Raptor count ends but hawks still passing

Posted on January 07, 2016 in Science

Although the annual raptor migration count at the world-famous Hawk Mountain Sanctuary in Kempton, Pa, concluded December 15, Sanctuary biologists say the hawks will continue to move south thanks to the unseasonably warm weather this fall.

“Some late season migrants lingered to our north and are just starting to move now,” says Senior Monitoring Biologist Dr. Laurie Goodrich. “That makes January and February a great time to visit, especially to watch for red-tailed hawks and bald eagles,” she says. 

The 2015 count, which concluded December 15, tallied 13,419 birds of prey, 30 percent below numbers typically seen during a fall season and with no records for any species. In fact, only bald eagles and merlins came in above their 10-year-average while the rest of the 16 species that pass the Sanctuary fell below average, some as much as 65 percent below.  

Scientists say it may just be an off year, one plagued by a lack of cold fronts, the one weather condition that birders count on to gather migratory raptors along the ridge. With many days of east winds, September counts were low and the cloudless, blue skies during the peak of broad-winged hawk migration made spotting the high-flying, broadwings nearly impossible.
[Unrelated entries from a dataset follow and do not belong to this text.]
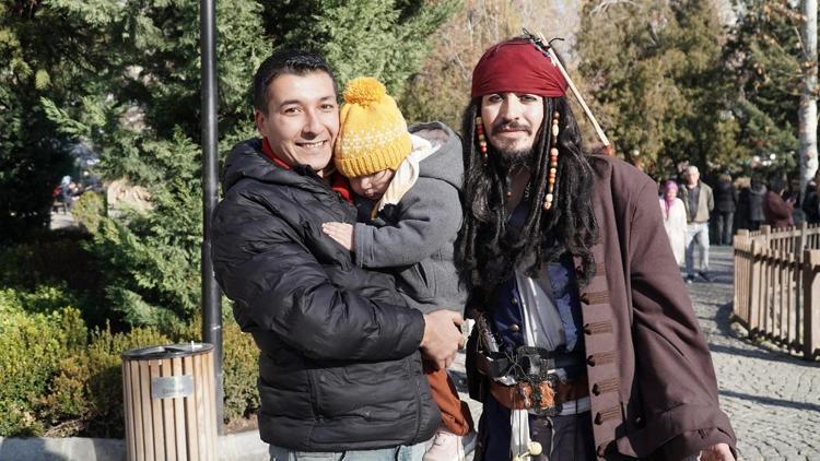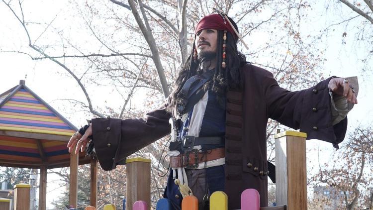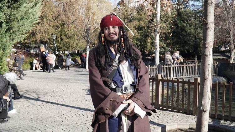 Ankara hayranı olduğu Karayip Korsanları filminin kahramanı 'Jack Sparrow'un kostümüyle sokaklarda gezen makine ustası Ersin Tarhan (39), dikkat çekti.
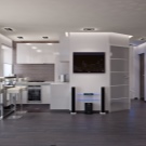 - Модерно и много удобно студио. Малкият интериор съчетава бели кухненски мебели с елементи от пластмаса, метал и камък. Гланцовият под и матовият таван също са в млечно бяло. Дървена маса за хранене, мек диван с възглавници и различни декоративни парчета под формата на рафтове, огледала за стена и рамки за снимки правят малък апартамент уютен..
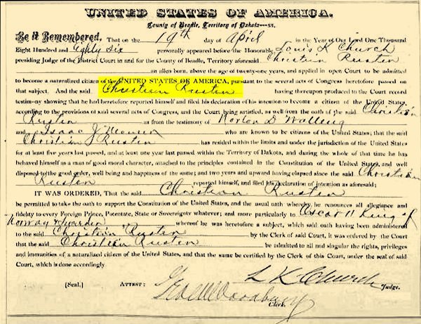 Christian Rusten Naturalization--19 Apr 1886, South Dakota, United States
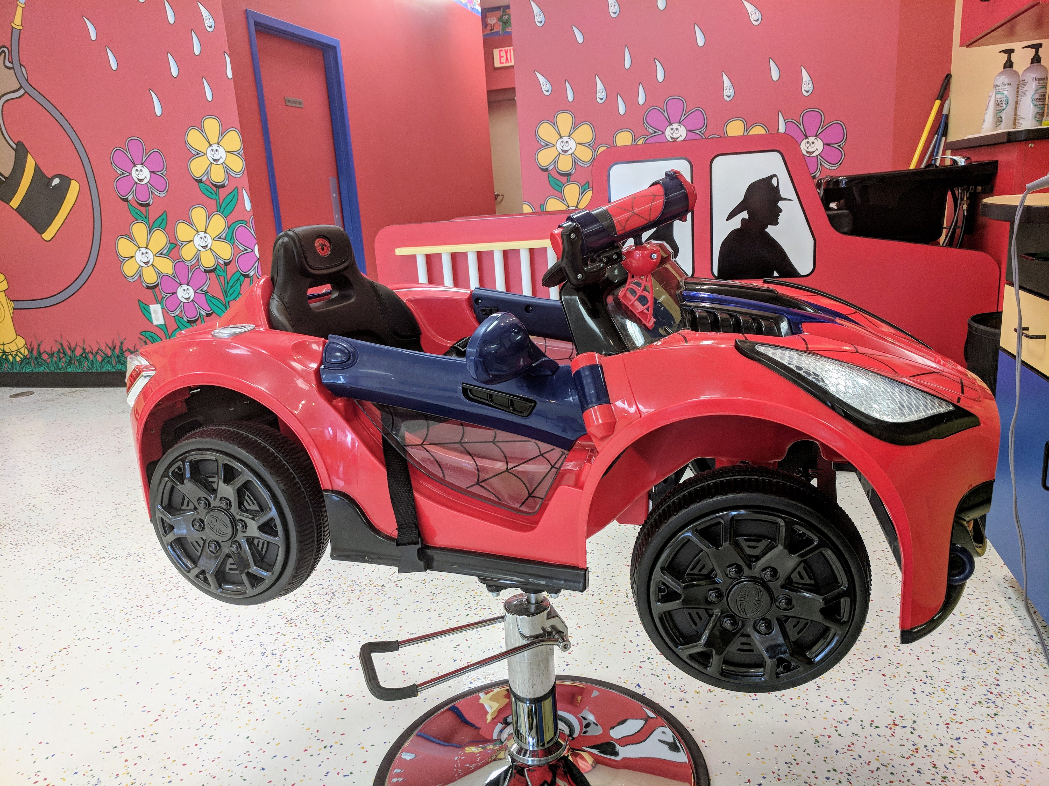 Look at how fun the salon seats are! Spiderman, princess car, navy plane, a car, and they do have regular salon chairs for the older children or parents. Look, you get your hair washed on a fire truck!
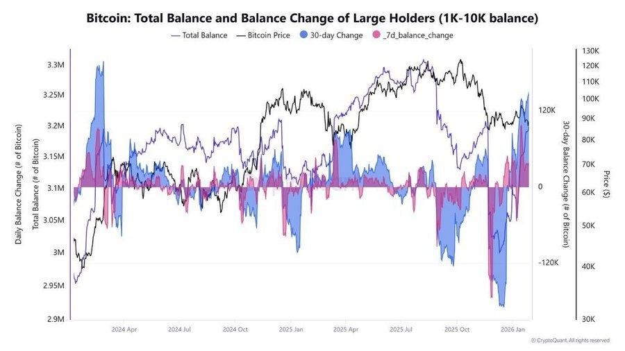Deținătorii de 1.000 – 10.000 BTC continuă să acumuleze net, în ciuda tranzacționării Bitcoin-ului aproape de 78.220 dolari.
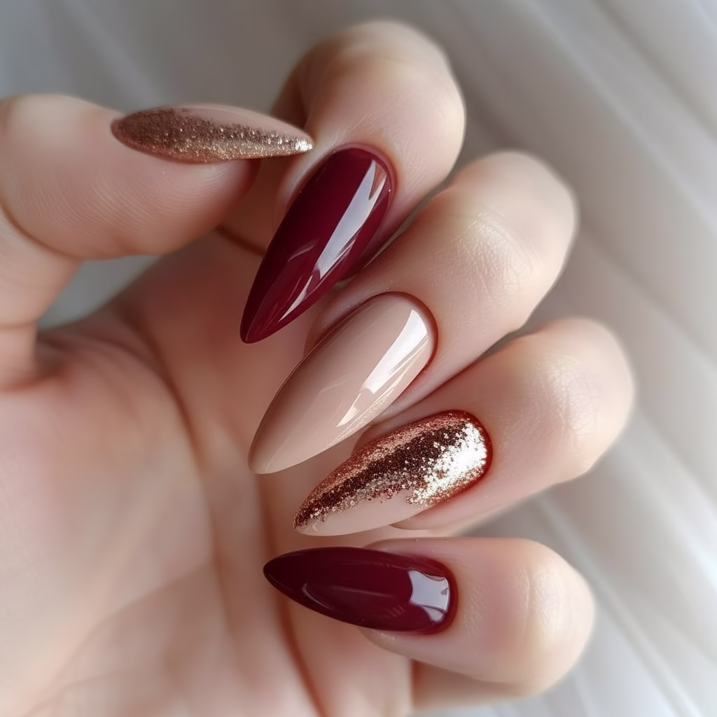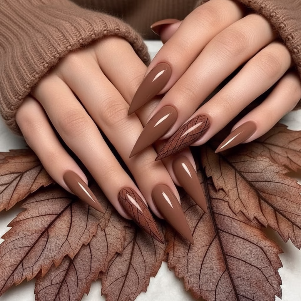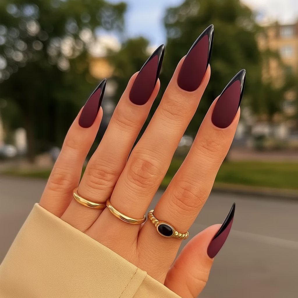 Typische Herbstfarben unterstreichen die Wirkung der Stiletto-Form besonders stark. Tiefe, satte Töne harmonieren perfekt mit der spitzen Silhouette und verleihen dem Look eine luxuriöse Note.

For late-migrating species, such as the red-shouldered and red-tailed hawk, a lack of snow cover to the north allowed the birds to linger at a time when large numbers would usually be seen soaring by Hawk Mountain in late October through November. 

Despite the below-average counts, the Sanctuary did report some highlights: a Mississippi kite passed on September 25, only the fourth fall record and ninth record overall for the Sanctuary, and on October 4, an adult light-morph Swainson's hawk was counted, the 19th record for the Sanctuary. Eleven peregrine falcons were spotted on October 1, the fourth-highest, single-day count in Hawk Mountain history.

“Looking back, the warmer weather may have made some migrants linger, but it also stretched our unofficial season. Balmy days during November and December get more people spending time outside and we saw an increase in visitation overall,” Goodrich explains. 

An additional 54,966 non-raptors were also tallied including 11,189 Canada goose, 8,486 common grackles, 6,489 cedar waxwings, 1,948 American crow, 1,717 red-winged blackbirds, 812 monarch butterflies and 327 dragonflie. The most unusual non-raptor was a summer tanager on September 15, only the second record since the 1940s for this more southerly tanager, but overall, warbler and vireo counts were below average. Some of the more unusual species seen included blue-winged, yellow, and prairie warbler. Crossbills were seen sporadically from late October through November including a high of six red crossbills on October 31 and a single white-winged crossbill on November 3.  Other highlights included 117 common loons on November 14, 35 ruby-throated hummingbirds on August 27, 64 ruby-crowned kinglets on October 6, and 4,398 common grackles on November 7.

 As the world's first refuge for birds of prey, Hawk Mountain Sanctuary has long been considered the destination for hawkwatch enthusiasts. Located on the Appalachian Flyway, the rocky overlooks at Hawk Mountain provide an ideal location to enjoy, study, and learn from the spectacle of raptor migration.

Why Count Hawks?
Hawk Mountain Sanctuary has conducted bird migration counts since 1934. Its database represents the longest-running record of hawk migration in the world. The long-term data allow scientists to monitor the conservation status of these normally secretive birds. Declining trends in any one raptor population can alert conservationists to potential problems in the environment.

In addition to its scientific value, Hawk Mountain educators use the hawk count to introduce thousands of schoolchildren and an average 70,000 visitors to the phenomena of migration and the importance of conserving birds of prey. The Sanctuary also uses the annual event to train young conservationists from around the world and teach them how to monitor wildlife, record and analyze data, and interpret the migration for the public.

Lookouts and trails at the sanctuary are open dawn to dusk daily and are located along Hawk Mountain Road, 7 miles north of the I-78/Rte 61 intersection near Hamburg. The Visitor Center is open 9 am to 5 pm daily. Trail fees cost $9 for adults, $8 for seniors and $5 for children aged 6-12. Sanctuary members and children under six are admitted free, with family memberships costing $50 for year-round admission.